What are the ICSID Rules?

ICSID is the world’s leading forum for investment dispute resolution. Created in 1966 as part of the World Bank Group, ICSID offers an array of dispute resolution and conciliation services to investors and states under the ICSID Convention.² ICSID also offers an Additional Facility, providing a suite of ICSID administration services to certain parties outside the ICSID Convention.³

The ICSID Rules govern key aspects of arbitral procedure, including rules of evidence and arbitrator appointment. The Rules are updated irregularly – the last round of amendments was in 2006. But they are used often and remain the gold standard for investor-state procedures.

Why amend the Rules now?

The new Rules arrive at a strange time. Globally, investor-state arbitration is under harsh scrutiny. States complain that investment treaties allow foreign investors to hold public policy hostage, infringing sovereignty and preventing needed regulation. They protest that private tribunals are adjudicating important public matters in secret, issuing awards that often cannot be appealed. Even investors fear that traditional arbitration may be too costly and time-consuming.

Asia is no exception. Asian countries signed hundreds of bilateral investment treaties (BITs) in the 1990s and early 2000s. These older treaties often contain extremely generous investment protections, allowing investors to challenge all manner of state action in arbitration proceedings. Now, backlash is building, and states take a more cautious approach. Stung by adverse arbitration awards, some countries such as India and Indonesia are terminating old treaties outright.

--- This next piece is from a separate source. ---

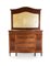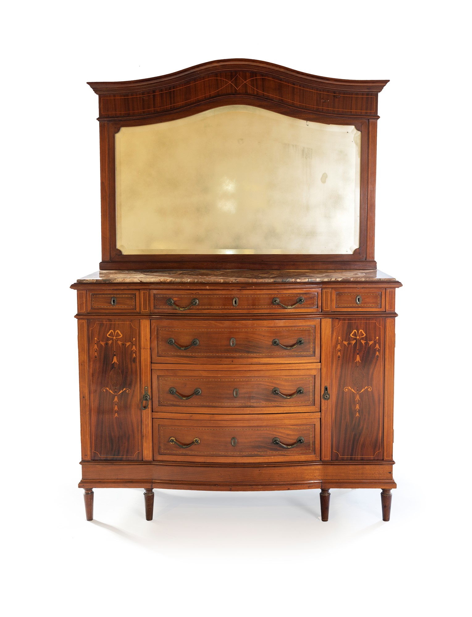 Cassapanca in mogano, Inghilterra, inizio del XX secolo facciata con parte centrale convessa, decorata da sottili filettature ed intarsi naturalistici in legno di frutto, scandita da tre cassetti compresi nella fascia e da tre sottostanti la cui apertura è vincolata dalle due antine laterali. Rifinito da piano incassato in marmo e sormontato da specchiera ad arco, poggia su piedi rastremati. cm 101x135x55 - la specchiera; altecca cm 95

Asian countries, however, generate significant outbound foreign direct investment (FDI) themselves. Asian investors need protections for their business activities overseas. Their governments have a vested interest in obtaining those protections. To do this, states are pivoting towards:

  • Multilateral free trade agreements (FTAs): These are broad-based agreements governing free trade generally, often between dozens of countries. Investor protections are only one facet among many. Where they exist, they are explicitly balanced against states’ sovereign right to regulate, especially in key areas, including the environment and labour protections. FTA dispute resolution systems vary. The Comprehensive and Progressive Agreement for Trans-Pacific Partnership (CPTPP) is a new-model FTA struck in 2018 by Australia, Brunei, Canada, Chile, Japan, Malaysia, Mexico, New Zealand, Peru and Vietnam – it allows investment arbitration, but procedures differ by treaty party; and
  • State-to-state dispute resolution: Under these systems, individual investors have no standing to bring claims. Instead, their home state raises their grievances directly with the treaty counterparty. State-to-state systems can generate results (negotiated concessions or tariff relief, for example), but investors don’t win damages. State-to-state talks are often time-consuming, too. The Regional Comprehensive Economic Partnership (RCEP) between China, Australia, Japan, New Zealand, Korea and the ASEAN countries (the world’s largest free trade agreement) relies primarily on this state-to-state procedure.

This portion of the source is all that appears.